Work required
Transcribe the entries exactly; images are not part of the copy.

Records shown
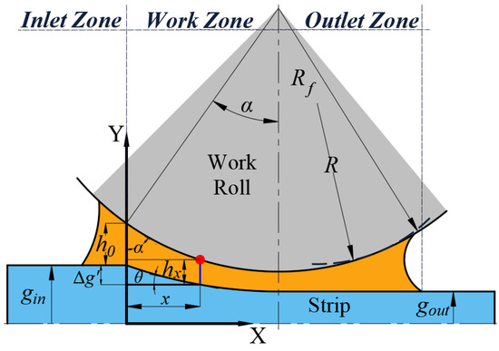 The oil film profile in the work zone coincides with the loaded roll gap characteristics based on the fluid characteristics with sufficient lubrication [26]. Figure 2 shows the distribution characteristics of lubricant in the loaded roll gap under ideal lubrication characteristics in cold strip rolling.
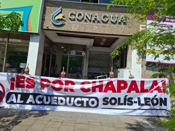 Guadalajara, Jalisco.- Cientos de habitantes de la Ribera de Chapala se manifestaron este lunes a las afueras de las oficinas de la Conagua sobre avenida federalismo para exigir al gobierno federal que detenga el proyecto del acueducto Solís León un proyecto con el que pretenden abastecer de agua a habitantes de Guanajuato habló, el Presidente de la cooperativa de lancheros de Chapala, Gilberto Rivera.
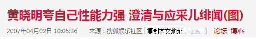 台湾记者有人问:“晓明,你有胸毛吗?”黄晓明愣了愣回答:“有啊!”记者就告诉他,有胸毛的一般性能力都很强。第二天,各大媒体的内容就成了黄晓明夸自己很棒。
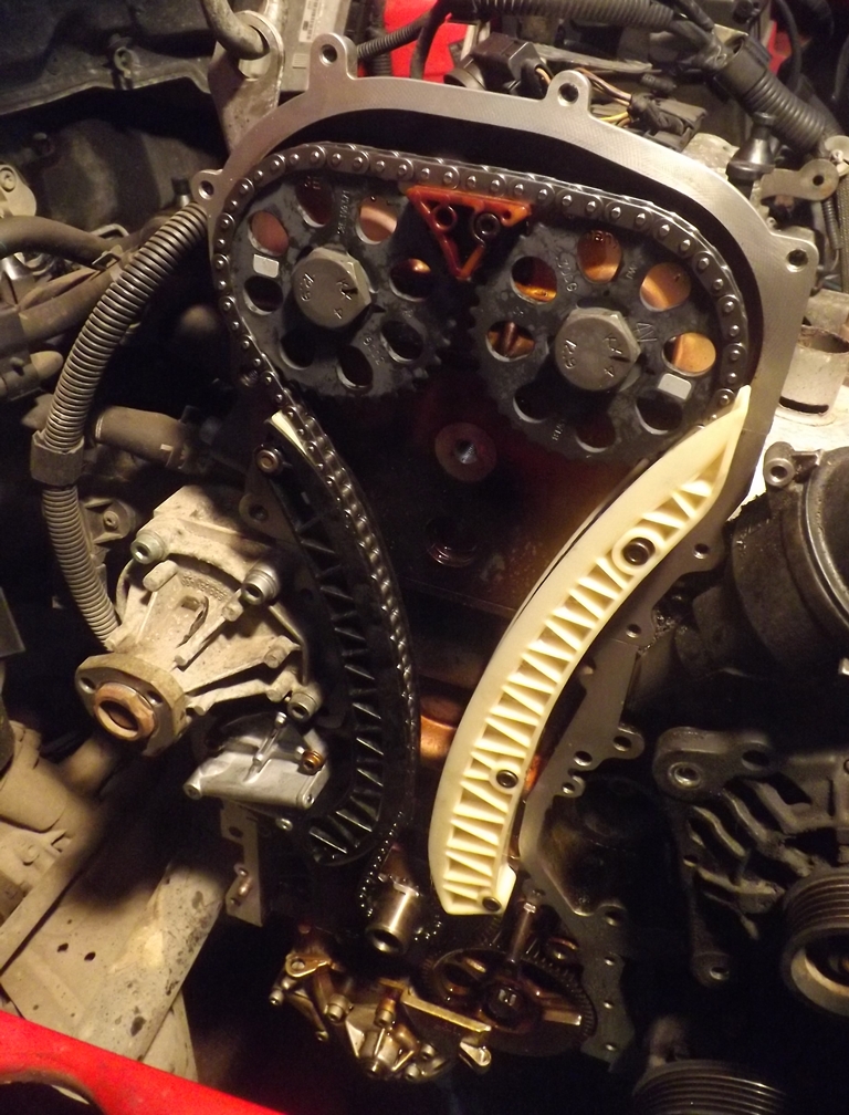 Був встановлений інструмент для фіксації колінчастого валу, але оскільки розподільні вали були невирівняні, інструмент не вдалося встановити одразу, як це буває зазвичай, коли ланцюг не перескочив.
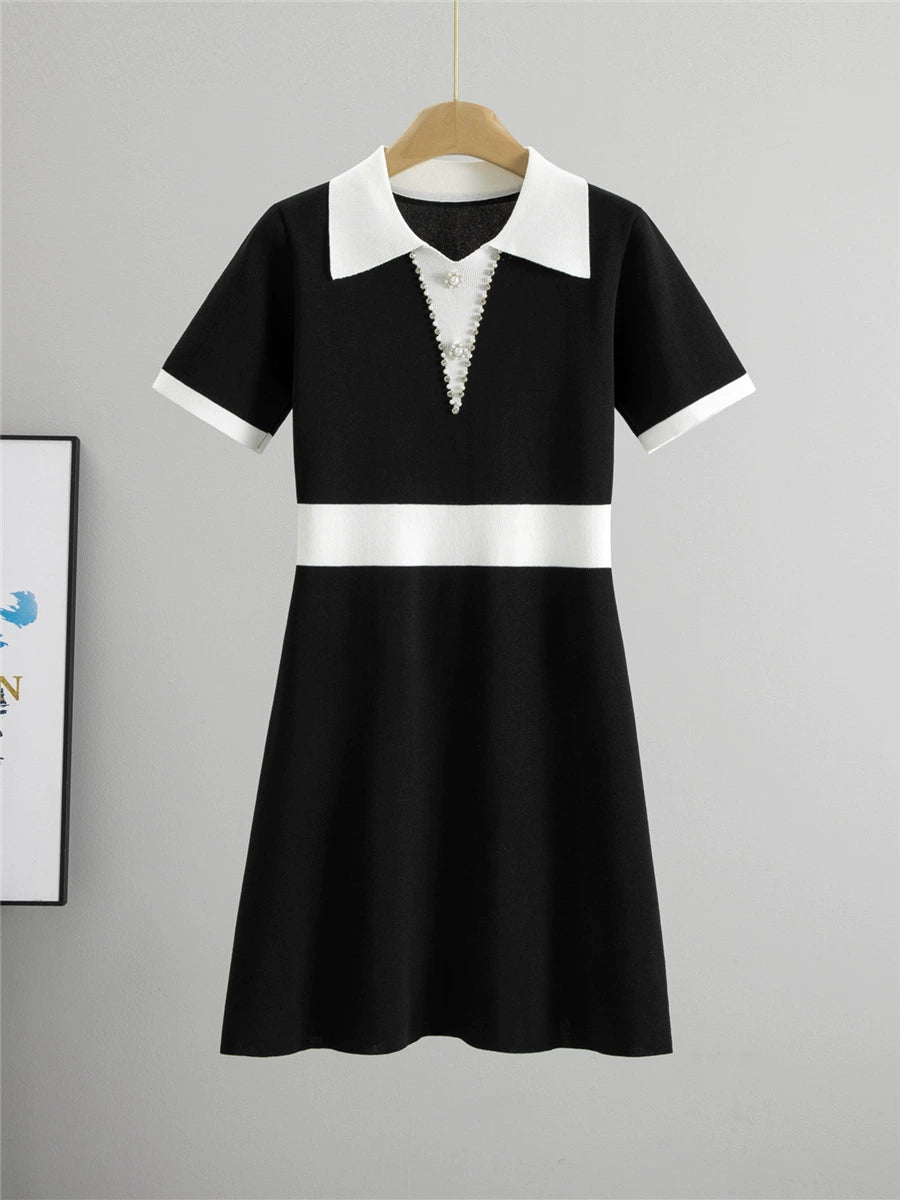 The Black Slim Fit Short Sleeve Knitted Dress blends timeless elegance with casual comfort. Featuring an A-line cut, polo neckline, and soft knitted fabric, it’s perfect for daily wear or dressing up with accessories. The deep black shade offers a sleek and versatile base for any outfit.
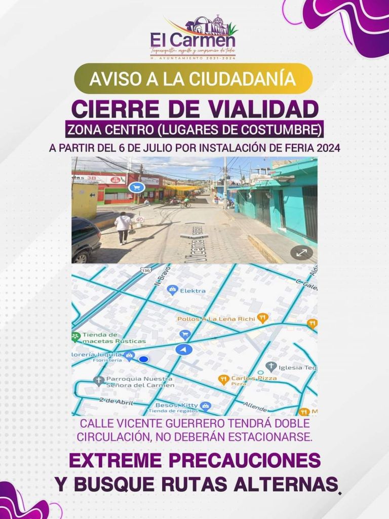 👁️ A PARTIR DEL DÍA SÁBADO 06 DE JULIO DE 2024, se llevará a cabo el cierre de vialidad en toda la zona centro por instalación de Feria 2024.

Answer to this problem
 The oil film profile in the work zone coincides with the loaded roll gap characteristics based on the fluid characteristics with sufficient lubrication [26]. Figure 2 shows the distribution characteristics of lubricant in the loaded roll gap under ideal lubrication characteristics in cold strip rolling.
 Guadalajara, Jalisco.- Cientos de habitantes de la Ribera de Chapala se manifestaron este lunes a las afueras de las oficinas de la Conagua sobre avenida federalismo para exigir al gobierno federal que detenga el proyecto del acueducto Solís León un proyecto con el que pretenden abastecer de agua a habitantes de Guanajuato habló, el Presidente de la cooperativa de lancheros de Chapala, Gilberto Rivera.
 台湾记者有人问:“晓明,你有胸毛吗?”黄晓明愣了愣回答:“有啊!”记者就告诉他,有胸毛的一般性能力都很强。第二天,各大媒体的内容就成了黄晓明夸自己很棒。
 Був встановлений інструмент для фіксації колінчастого валу, але оскільки розподільні вали були невирівняні, інструмент не вдалося встановити одразу, як це буває зазвичай, коли ланцюг не перескочив.
 The Black Slim Fit Short Sleeve Knitted Dress blends timeless elegance with casual comfort. Featuring an A-line cut, polo neckline, and soft knitted fabric, it’s perfect for daily wear or dressing up with accessories. The deep black shade offers a sleek and versatile base for any outfit.
 👁️ A PARTIR DEL DÍA SÁBADO 06 DE JULIO DE 2024, se llevará a cabo el cierre de vialidad en toda la zona centro por instalación de Feria 2024.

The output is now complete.